Research

 Working Papers


Abstract Using a measure of technology novelty, this paper identifies periods with and without technology breakthroughs from the 1980s to the 2020s in the US. It is found that market concentration decreases at the advent of revolutionary technologies. We establish a theory addressing inventors' decisions to establish new firms or join incumbents of specific sizes, yielding two key predictions: (1) A higher share of inventors opt for new firms during periods of heightened technology novelty. (2). There is positive assortative matching between idea quality and firm size if inventors join incumbents. Both predictions align with empirical findings and collectively contribute to a reduction in market concentration when groundbreaking technologies occur. Quantitative analysis shows the channel proposed explains 89% of the correlation between technology novelty waves and market concentration. 


Abstract This paper builds a macroeconomic framework which explicitly models the inventors and firms as two separate groups of agents and studies the option of selling innovations affects the mapping between them in an endogenous contracting setting. The model characterizing firm-inventor contracts, firm-innovation synergy and asymmetric information between firms. The model implies that inventors whose outcomes are effort-sensitive choose small firms. In a counterfactual scenario where firms cannot sell innovations, inventors move to larger firms. Quantitatively, the share of innovations in firms with more than 100,000 employees increases by 10 pp, and growth drops by 0.17 pp.

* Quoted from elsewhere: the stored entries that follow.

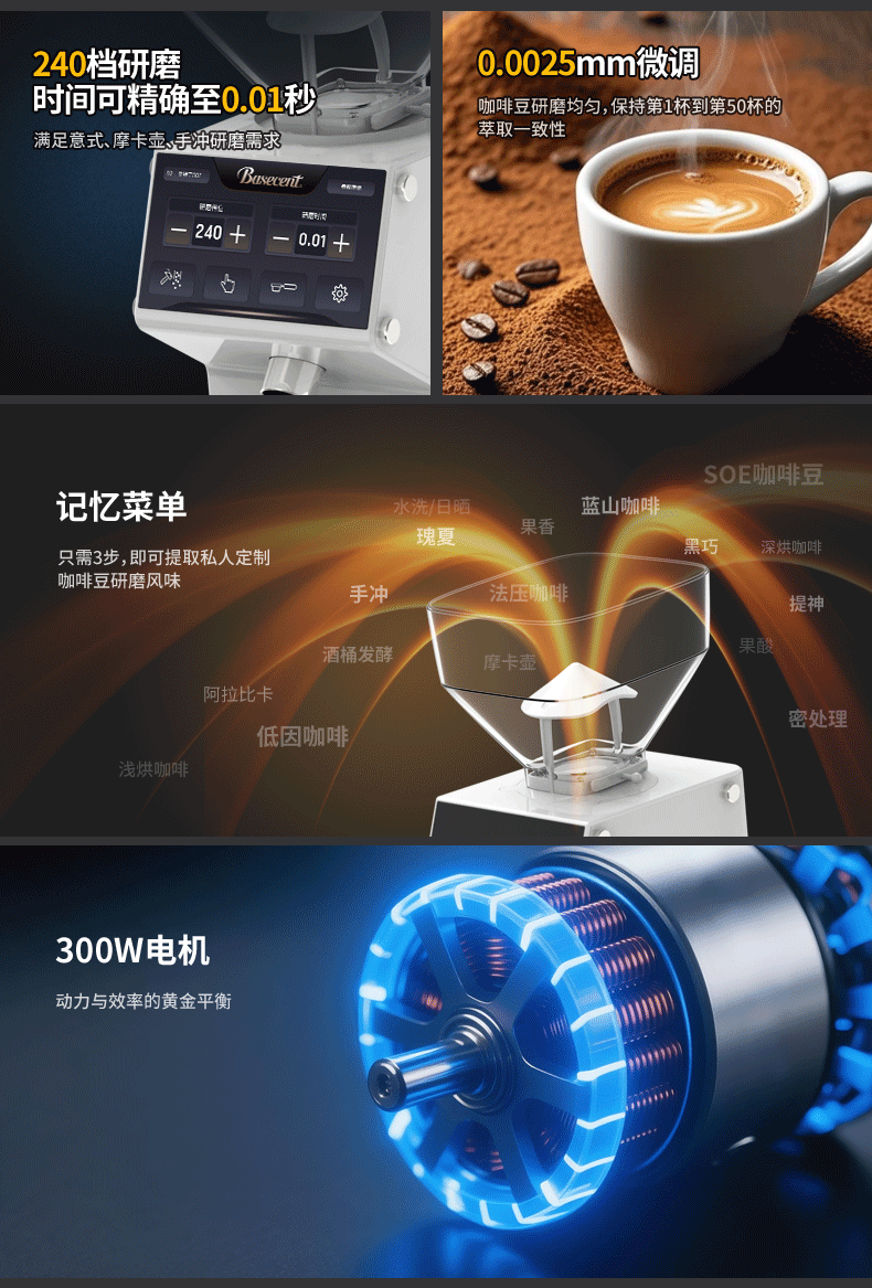 Basecent Electric Coffee Grinder for Espresso and Pour-Over Coffee, Home Use Coffee Bean Grinder
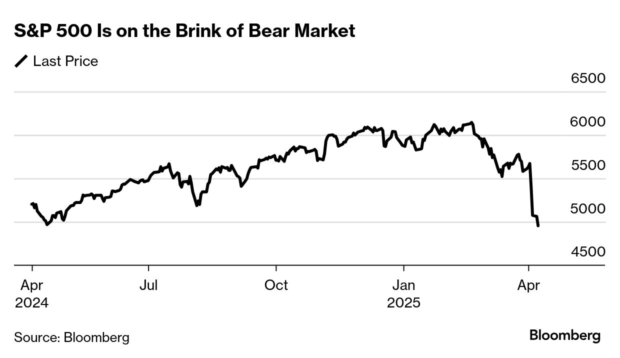 8日の米株式相場は下落。関税を巡る米中間の応酬が重しになった。4営業日連続で大きく揺れ動く展開となり、S&P500種株価指数は弱気相場入りの瀬戸際まで下げた。
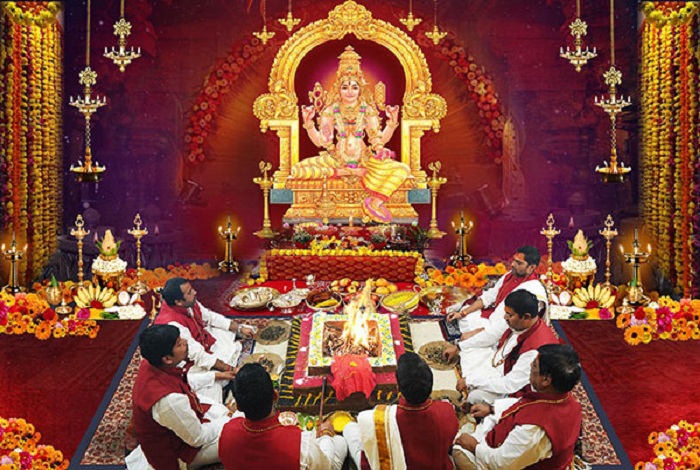 Preparation of Hawan Kund: A hawan kund (fire pit) is prepared, and the sacred fire is kindled. Offerings such as ghee, grains, herbs, and other auspicious substances are offered into the fire while chanting specific mantras dedicated to Goddess Baglamukhi.
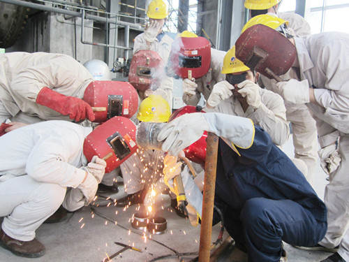 本网讯 9月20日至21日,2014年焊工专班培训在总部硫酸钾复合肥厂选矿车间举办,22名维修工参加了管管水平固定焊的实操培训。
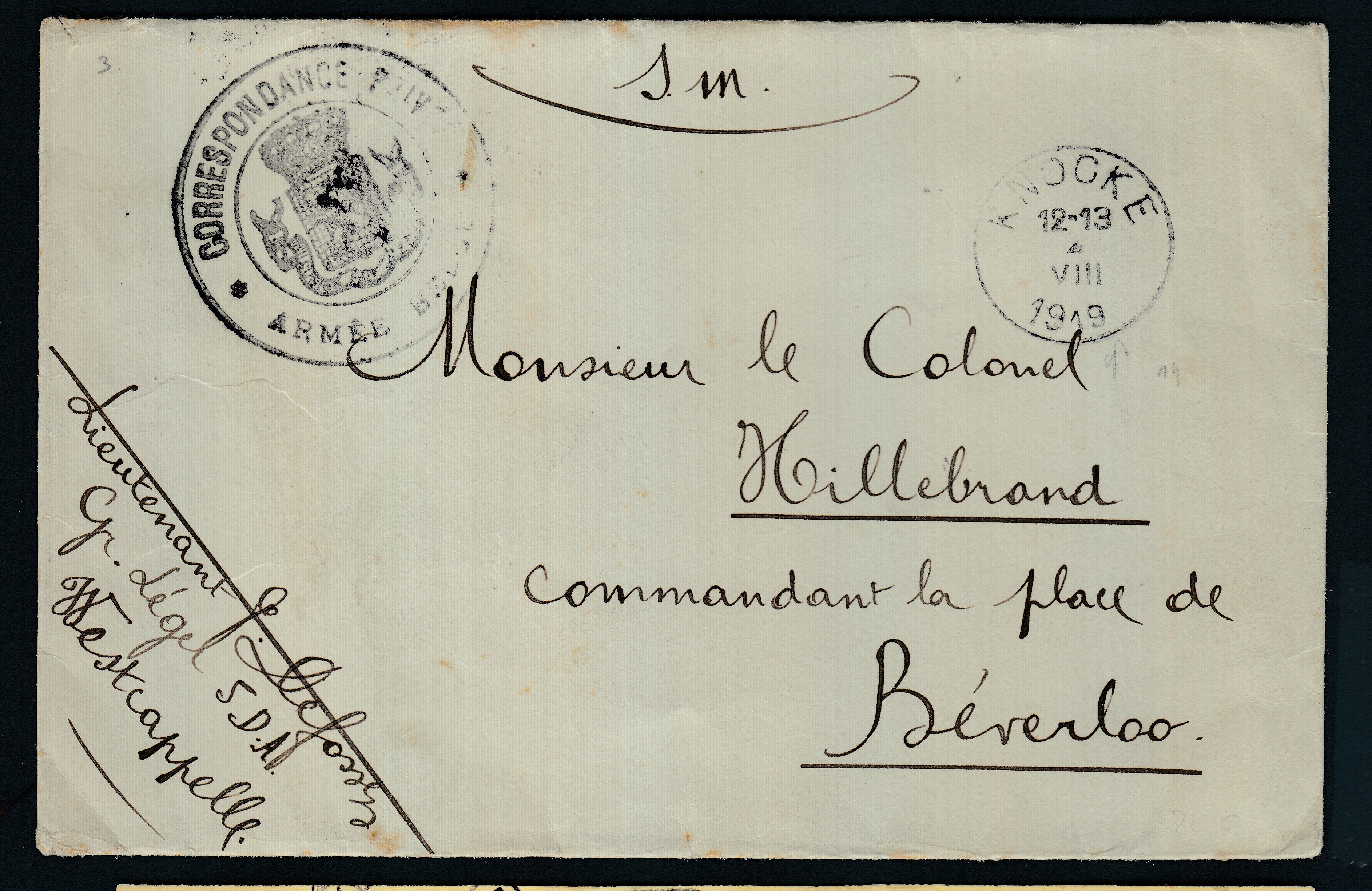 Cachet avec armoiries « CORRESPONDANCE PRIVEE /Armée belge » sur lettre expédiée en franchise de port de Knocke le 4.VIII.1919 à destination de Beverloo. Cachet d'arrivée à Léopoldbourg au verso.

Abstract This paper studies the belief bias in the workplace. I build a structural model where workers can learn from coworkers. They choose where to work based on both wage and perceived learning opportunities. I estimate the model using German administrative data which contain information on workforce composition and workers' characteristics. I propose a methodology to separately estimate the perceived and the correct learning functions, building on the observation that learning is priced by a competitive market based on belief. The estimation results show that workers overestimate how much they can learn from coworkers by eight times. It implies that better knowledgeable workers are overpaid while the rest are underpaid, which increases the within-team inequality.